Tradução: Leonardo Silvério e Pedro Barbosa do origianl disponível em - http://danielbensaid.org/A-propos-de-L-Hypothese-communiste?lang=fr

HTML: Fernando Araújo.


O trabalho de Alain Badiou força o respeito por sua audácia de ir contra a corrente de pensamentos frágeis e despedaçados, por sua capacidade de nomear claramente o inimigo, por sua fidelidade a uma ideia. Em A hipótese comunista, ele medita sobre a noção de fracasso(1): “Que quer dizer exatamente fracassar”? A justificativa de “a hipótese comunista” estaria pavimentada com eventos e derrotas vitoriosas (a Comuna, a Revolução cultural, Maio de 68) que são tanto “das etapas de sua história” ou “do devir geral da Humanidade”. Mas onde, para qual destinação, conduzem essas etapas se não houver nem um fim da história nem um julgamento final?

Badiou enfatiza “a relação entre a possibilidade de superar subjetivamente a derrota e a vitalidade, internacional e supratemporal, da hipótese comunista”. De fracasso em fracasso, de derrota em derrota, até a vitória final? Esta temível dialética relativiza as consequências, sempre reparáveis (não se supera facilmente uma hipótese), das rebarbas, dos desvios e outros “inumeráveis pacotes” reduzidos a tantas peripécias solúveis no grande rio tumultuado dos “processos de verdade”. Badiou argumenta que há “um significado positivo das derrotas, a longo prazo”. Longo, de fato, e como tarda! Assunto de paciência e de fidelidade, então? Da obstinação para “continuar”, apesar de tudo.

Sem dúvida existe uma dialética do fracasso e da derrota. O que é vencer em uma história profana, onde a última palavra jamais é dita? Onde “o apelo está sempre aberto”, como afirmou Blanqui no dia seguinte da Comuna? Os demolidores da ordem estabelecida raramente são os construtores de um mundo novo. Aqueles que não têm medo de lutar devem ter medo de vencer pois “a luta expõe a forma simples do fracasso (o ataque não obteve êxito), enquanto a vitória expõe a sua forma mais temível: aperceber-se de que é em vão que derrotamos, que a vitória prepara a repetição, a restauração, que uma revolução não é mais do que uma intermediária do Estado”.

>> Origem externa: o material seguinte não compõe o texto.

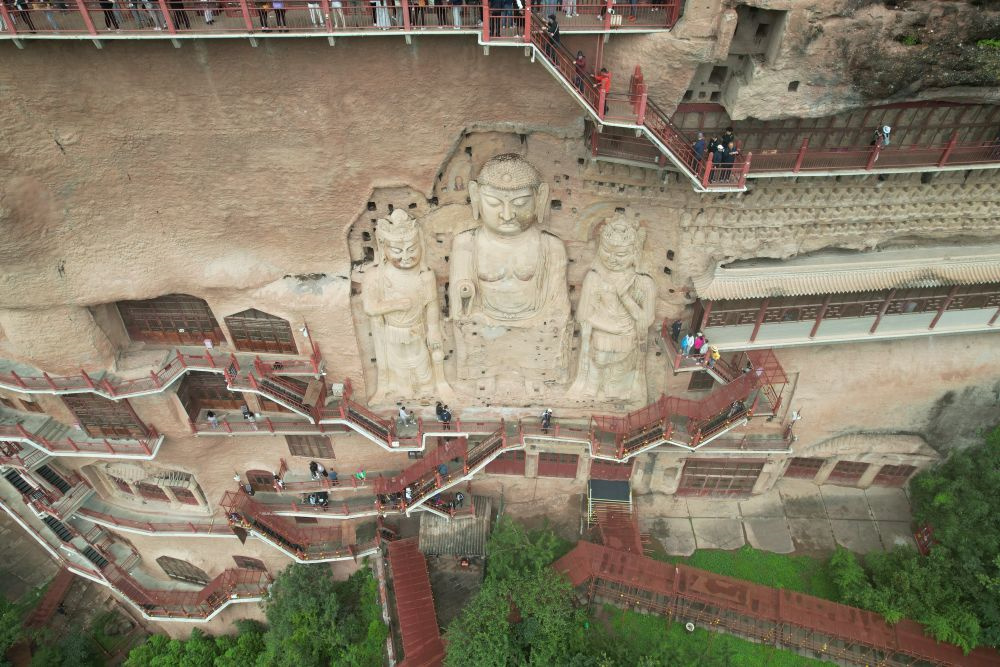如今,麥積山石窟作為“絲綢之路:長安—天山廊道的路網”的遺產點之一被列入《世界遺產名錄》。各類大型論壇、展覽在此舉辦,越來越多中外游客、研學團隊登上棧道,在與塑像的“對話”中感受跨越歷史的文化共振。

Melhor partir a tempo do que terminar um burocrata, em suma. Badiou procura evitar a dialética infernal entre o poder constituinte e o poder instituído, como se fosse possível dar um passo ao lado, permanecer totalmente ao lado do evento sem jamais se comprometer com a história. A introdução d’A hipótese comunista conclui com a afirmação categórica que se trata de “um livro filosófico” que, “contrariamente às aparências, não trata diretamente de política”. A hipótese comunista da qual falamos aqui não é estratégica, mas filosófica. E o comunismo, não um movimento político que visa abolir a ordem existente, mas uma “ideia” filosófica que permite “o antecipar de novas possibilidades”. Pois “sem ideia, a desorientação das massas populares é inelutável”. Resta então saber qual relação o enunciado filosófico da hipótese mantém com a sua colocação à prova da política; e se esse comunismo ideal não permanece um comunismo hipotético.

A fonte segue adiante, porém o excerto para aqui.